The other big difference with us is that most kids are a lot less turned off by coaching versus therapy for many reasons. As coaches, we are open and vulnerable with the kids, creating a real relationship with trust and rapport. We expect the kids to be open and honest in return, which they usually are because they feel seen, heard, and genuinely cared about.
For more information on coaching vs. therapy, visit here.
Jacobsen: How does the more extensive 27-week school program on social-emotional learning resonate with students?
LeBeau: The big reason our school curriculum is such a hit is because we make it fun. We have music, intro videos, crowd participation, emotional storytelling, basketball tricks, etc.
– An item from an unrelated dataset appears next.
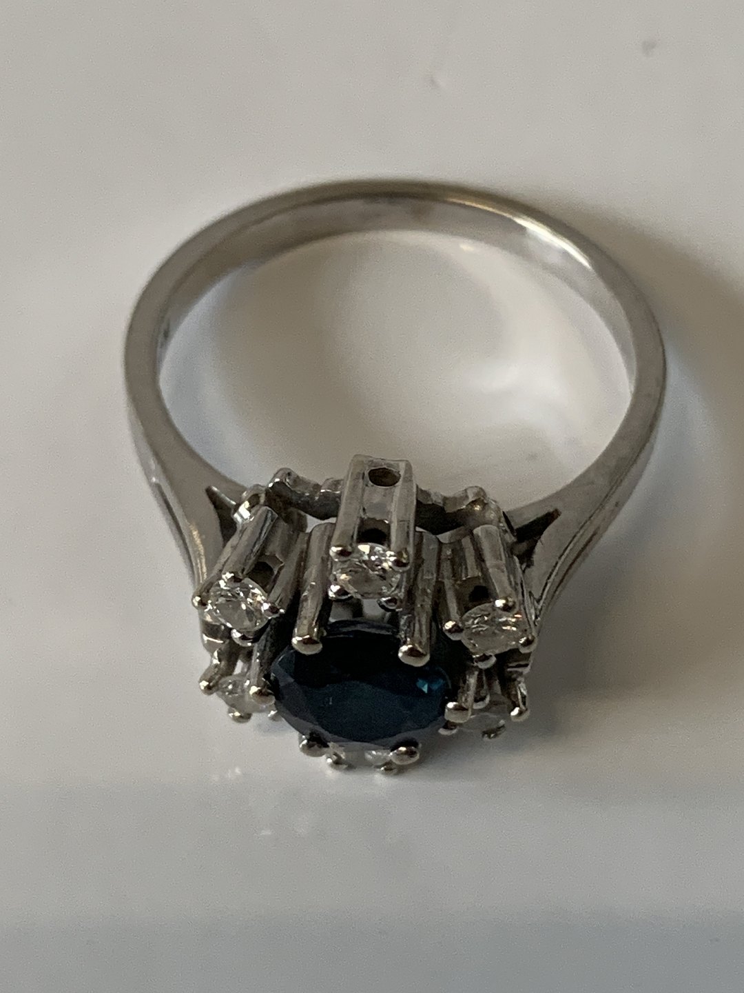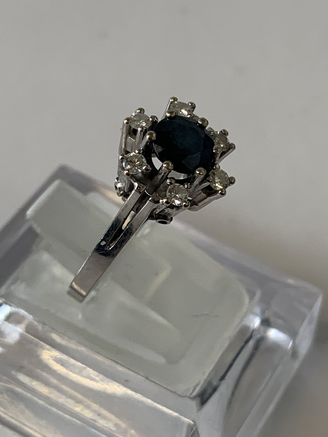 White Gold Ring with Sapphire & Diamonds, 14 Karat

I’m sure you’ve heard the expression, ‘a spoon full of sugar to make the medicine go down.’ That’s what we do with our kick-off school assemblies. We give kids what they WANT so we can give them what they need. Once they are bought in, we can greatly impact their life.
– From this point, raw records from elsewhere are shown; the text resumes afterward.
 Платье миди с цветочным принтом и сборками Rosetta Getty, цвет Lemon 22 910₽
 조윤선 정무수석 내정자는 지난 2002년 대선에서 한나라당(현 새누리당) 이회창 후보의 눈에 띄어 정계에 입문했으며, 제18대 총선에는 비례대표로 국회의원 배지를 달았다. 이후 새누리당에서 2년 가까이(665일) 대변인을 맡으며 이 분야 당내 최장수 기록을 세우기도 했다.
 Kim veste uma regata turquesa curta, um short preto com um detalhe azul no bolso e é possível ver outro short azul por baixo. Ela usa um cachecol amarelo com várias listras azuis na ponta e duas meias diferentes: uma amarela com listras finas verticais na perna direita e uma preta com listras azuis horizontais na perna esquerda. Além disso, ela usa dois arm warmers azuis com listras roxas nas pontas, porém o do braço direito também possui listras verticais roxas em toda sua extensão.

We do a high-energy assembly at their school in person to get them fired up and emotionally connected to our founder Jesse’s underdog story. He’s given this talk to over a million kids and knows how to connect with them. They identify with going through hard times in their own lives. Once they have an in-person experience with someone famous and interested in them, they are more open to the weekly lessons their teachers walk them through. They are taught timeless life lessons you don’t normally learn in school, which are important for building confidence, grit/resilience, and learning to master their attitude. Everything taught in the TAAP School program is evidence-based and backed up with research and data.
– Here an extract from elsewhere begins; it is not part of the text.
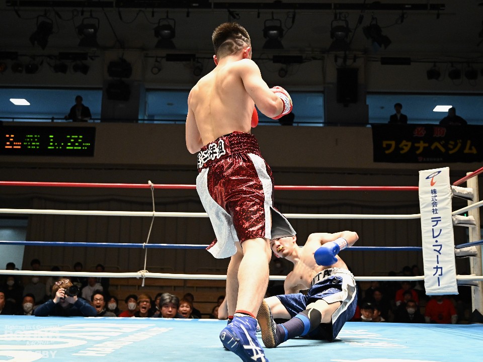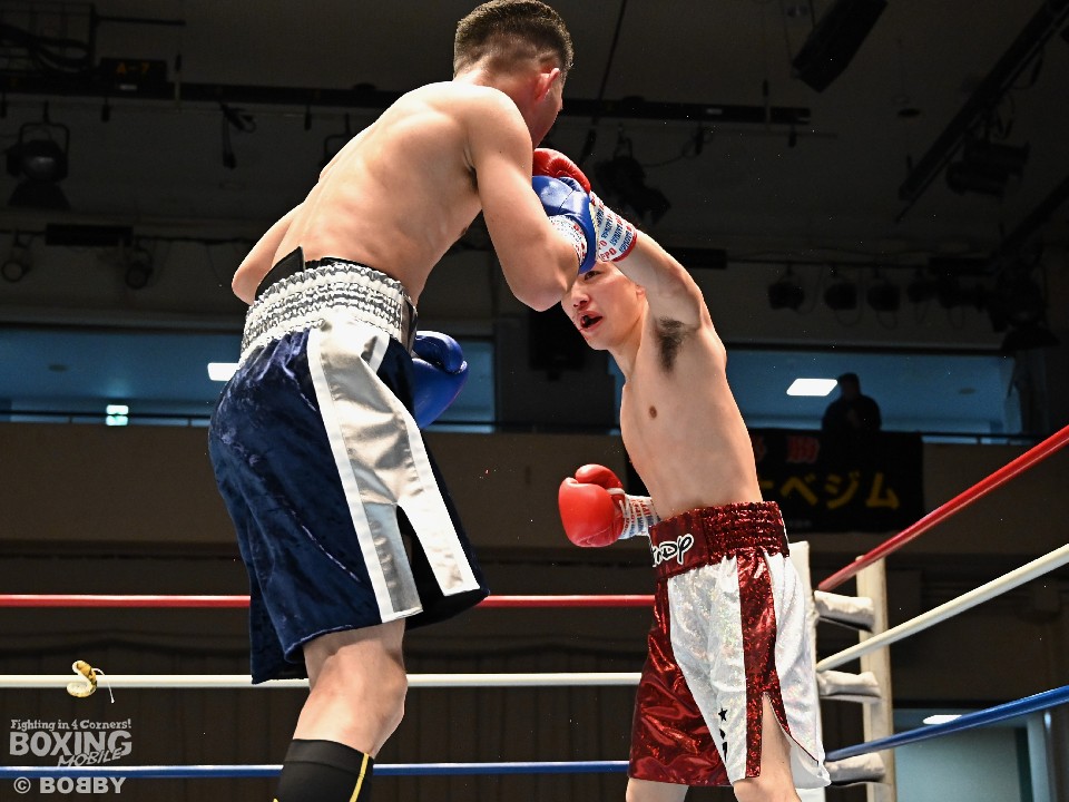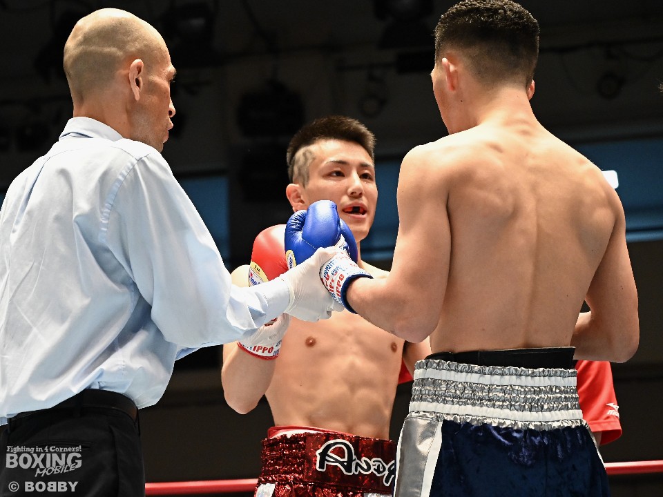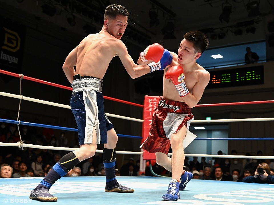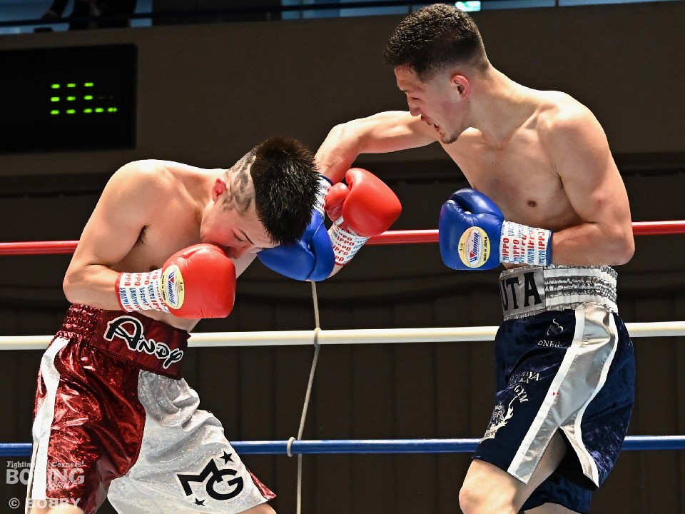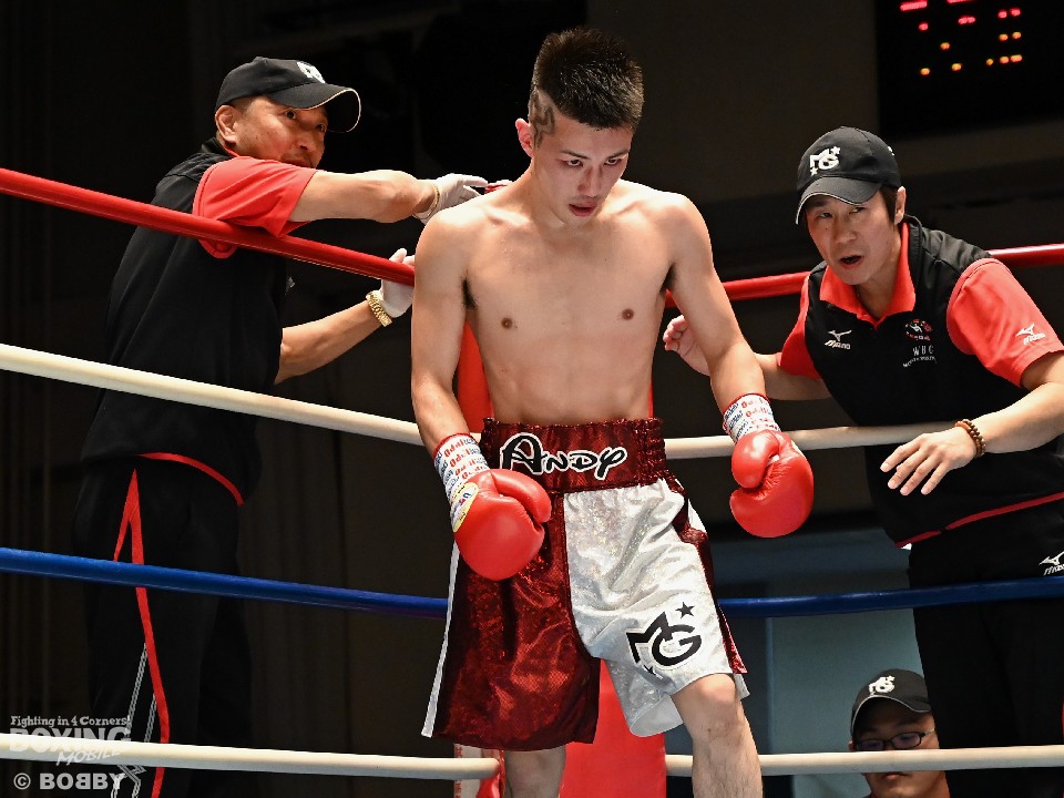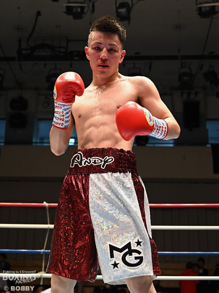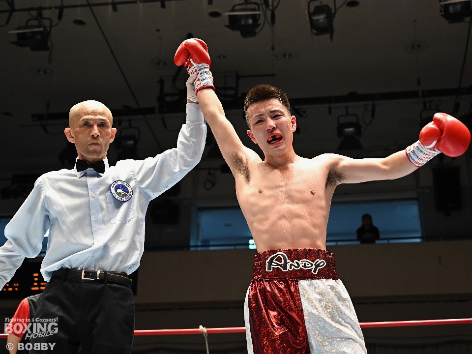 試合:デビュー戦の長谷川が左右に動きながら強弱をつけたパンチで幸先の良いスタートを切った。先手を取られたアンディは2回、プレスをかけてワンツーで仕掛けるが相手のジャブを浴びて突破口を開けず。しかし、諦めず前に出ると右のオーバーハンドが火を噴きダウンを奪った。ダメージが残っている長谷川に襲いかかるがここは仕留め切れなかった。3回、長谷川は足を使って回り込みダメージの回復に努めるとジャブからワンツーを好打。4回、アンディは左フックで膝を揺らし追い詰めたが、長谷川は左ボディで動きを止めると連打で攻勢。しかし、アンディも必死の形相で打ち返した。ジャッジに委ねられた採点は3者ともにアンディを支持。4戦目で初勝利を挙げたアンディは雄叫びをあげた。

For more on the program, you can check it out here.
Jacobsen: What are some examples of real-life lessons helping teens overcome challenges?
LeBeau: Life is tough. So, toto be prepared for this and succeed in life, kids need to learn to overcome and do toughthings. One of the best things that can happen to your teenager (within reason and if leveraged strategically) is for them to fail. Things like they got rejected when they asked that special someone to the dance, they didn’t make the sports team, they didn’t get the grade they wanted, etc. A smart parent will use these difficult moments to teach a lesson.
Guess what? Things didn’t work out. But it’s not the end of the world. No one died. You can ask someone else to dance. You can practice and try it out again next year. You can ask for a second shot at the test. It sucks seeing your kid struggle, but if you swoop in and rescue them every time a little discomfort happens, you are hurting them more than you are helping them. In general, the big winners in life fail the most; they keep going and see it as the necessary steps to get closer to where they want to go. Celebrate failure and focus on your child’s effort versus the outcome. It will make a big difference in helping your kid stand on their own two feet and thrive no matter what challenges life throws them!
Jacobsen: How can parents, schools, and communities get involved?
LeBeau: The best place for parents to learn more is https://theattitudeadvantage.com/welcome/
We visit schools every month nationwide, and we are on a mission to help teens TEAM UP and find their tribe so they can live healthier and happier lives!
Jacobsen: Thank you for the opportunity and your time, Jesse.